Ferrellgas Partners Finance Corp.
- -------------------------------------------------------------------------------
(Exact name of registrants as specified in their charters)
Delaware 1-11331 43-1698480
Delaware 333-06693 43-1742520
----------------------- ----------------- -----------------------
(States or other Commission file (I.R.S. Employer
jurisdictions of numbers Identification Nos.)
incorporation or
organization)
One Liberty Plaza, Liberty, Missouri 64068
(Address of principal executive offices) (Zip Code)
Registrants' telephone number, including area code: (816) 792-1600
<PAGE>
ITEM 1. CHANGE IN CONTROL
On July 17, 1998, the Ferrell Companies, Inc.
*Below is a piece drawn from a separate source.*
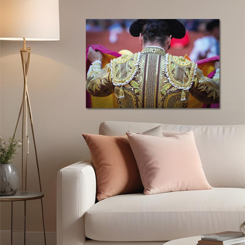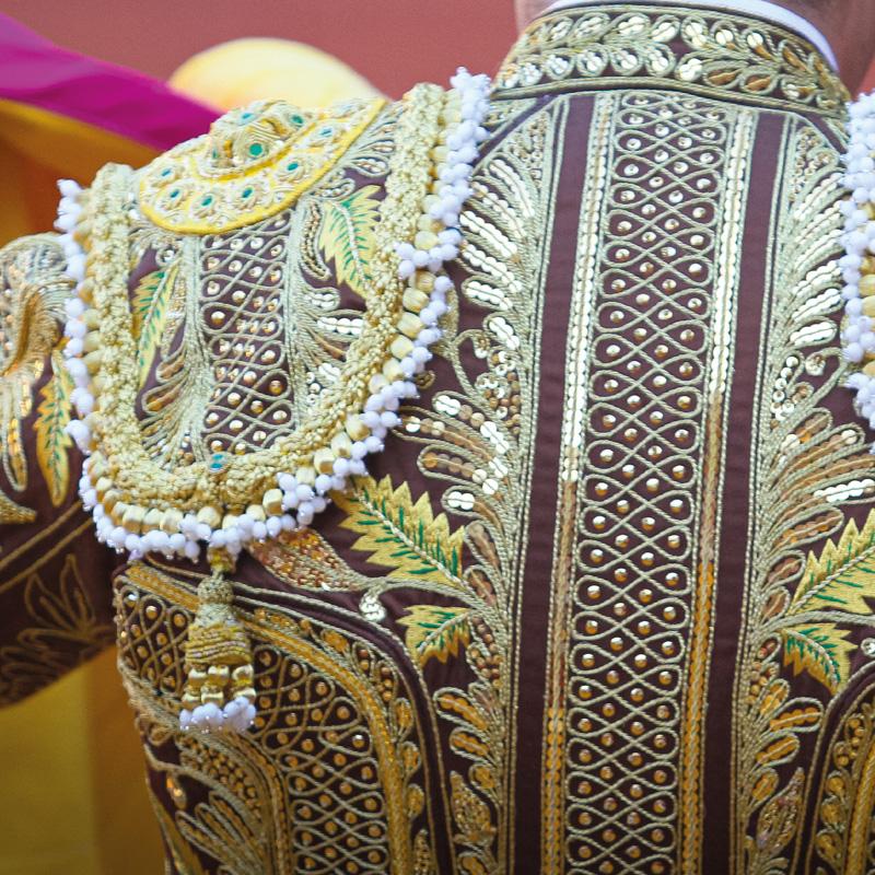 Obra fotográfica llamada Tabaco y Oro, muestra una imagen de un torero de espaldas sosteniendo un capote con un traje que da nombre a la obra. Que podrás adquirir reproducciones de la misma en diferentes materiales y formatos. Todas las reproducciones son numeradas con un máximo de 15, entregadas con certificado de autenticidad y firmadas a mano.

Employee Stock Ownership
Trust (the "ESOT") acquired all of the outstanding capital stock of Ferrell
Companies, Inc., a Kansas corporation ("FCI"), from trusts affiliated with James
E. Ferrell. The ESOT purchased the stock of FCI using funds provided primarily
by a private placement of $160 million of debt and $40 million of seller
financed notes. By acquiring such stock, the ESOT became the beneficial owner
through FCI of all of the outstanding capital stock of Ferrellgas, Inc., a
Delaware corporation (the "General Partner") that is the general partner of both
Ferrellgas Partners, L.P. (the "Partnership") and the Partnership's operating
subsidiary, Ferrellgas, L.P. (the "Operating Partnership"). The ESOT's indirect
control of the General Partner gives the ESOT control of the Partnership and the
Operating Partnership.
In addition, the ESOT became the beneficial owner through FCI of (i)
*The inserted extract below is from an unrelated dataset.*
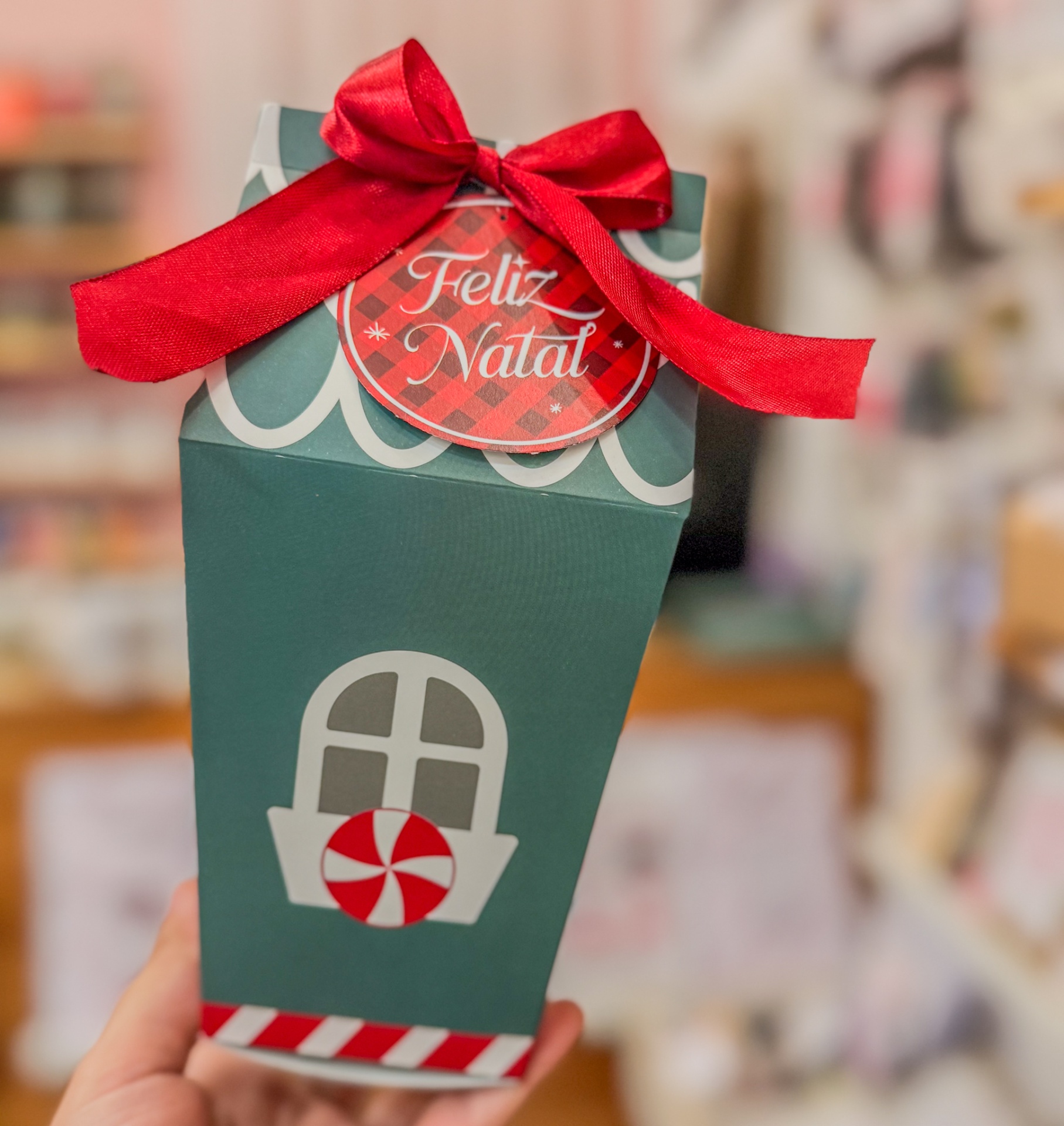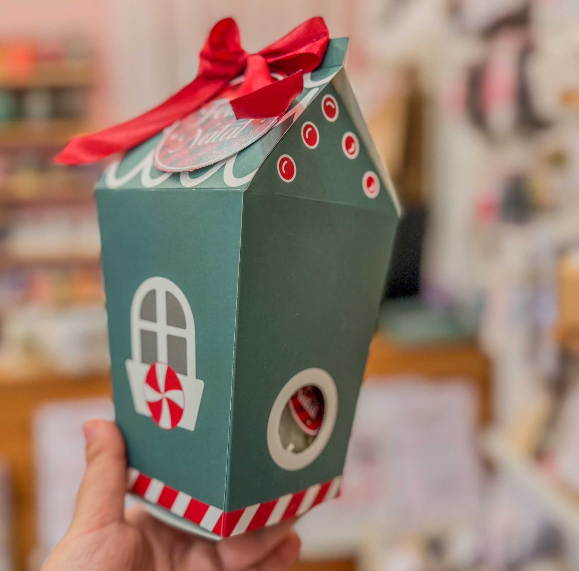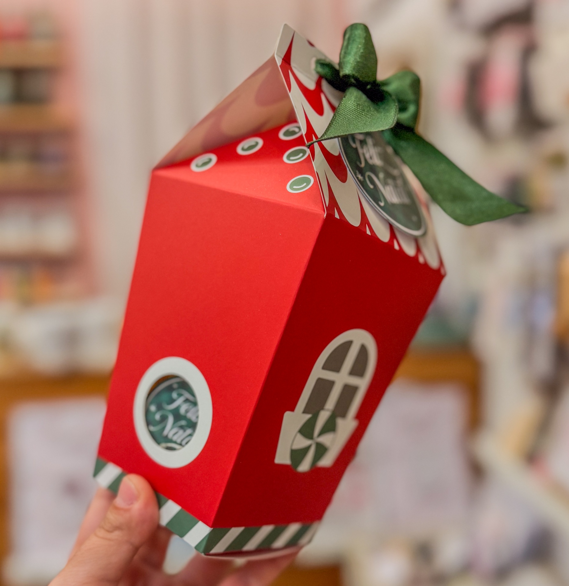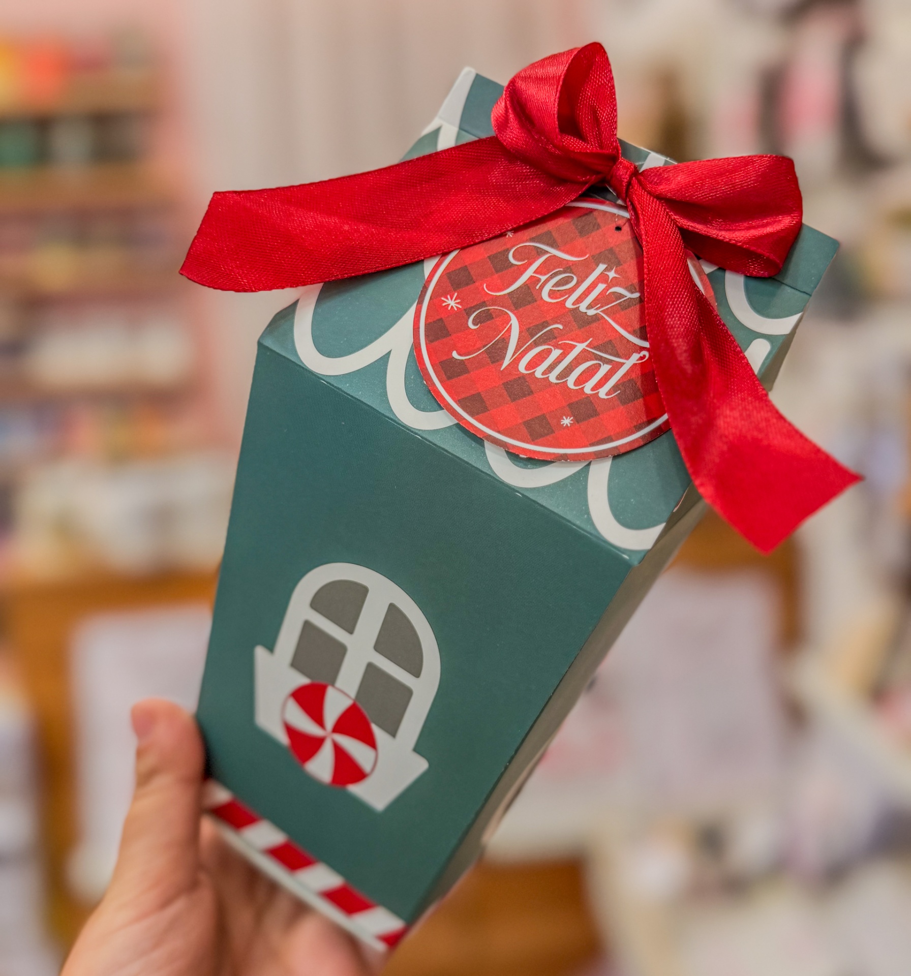 Espalha a magia do Natal com esta caixa casinha encantadora, perfeita para oferecer ou decorar 🎁
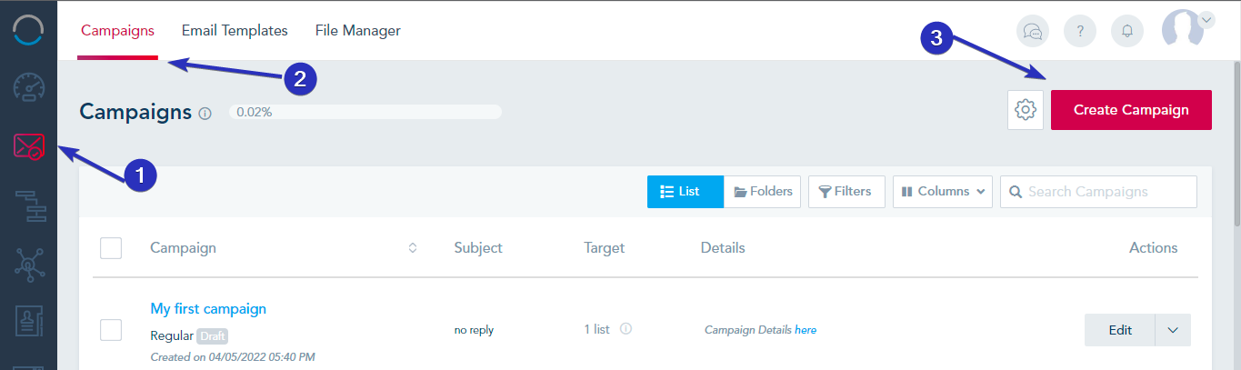 To create a new email campaign, go to Email tab -> Campaigns, and click on Create Campaign. The wizard will walk you through the 4 stages of the campaign creation:

1,210,162 Common Units of the Partnership representing approximately 8.23% of
the outstanding Common Units, and (ii) all of the Subordinated Units of the
Partnership. Such Common Units and Subordinated Units together represent and
approximately 56.3% limited partnership interest in the Partnership.
<PAGE>
Pursuant to the requirements of the Securities Exchange Act of 1934,
the registrants have duly caused this report to be signed on its behalf by the
undersigned thereunto duly authorized.
FERRELLGAS PARTNERS, L.P.
By Ferrellgas, Inc. (General Partner)
Date: July 31, 1998 By /s/ Kevin T. Kelly
----------------------
Kevin T. Kelly
Chief Financial Officer (Principal
Financial and Accounting Officer)
FERRELLGAS PARTNERS FINANCE CORP.
Date: July 31, 1998 By /s/ Kevin T. Kelly
----------------------
Kevin T. Kelly
Chief Financial Officer (Principal
Financial and Accounting Officer)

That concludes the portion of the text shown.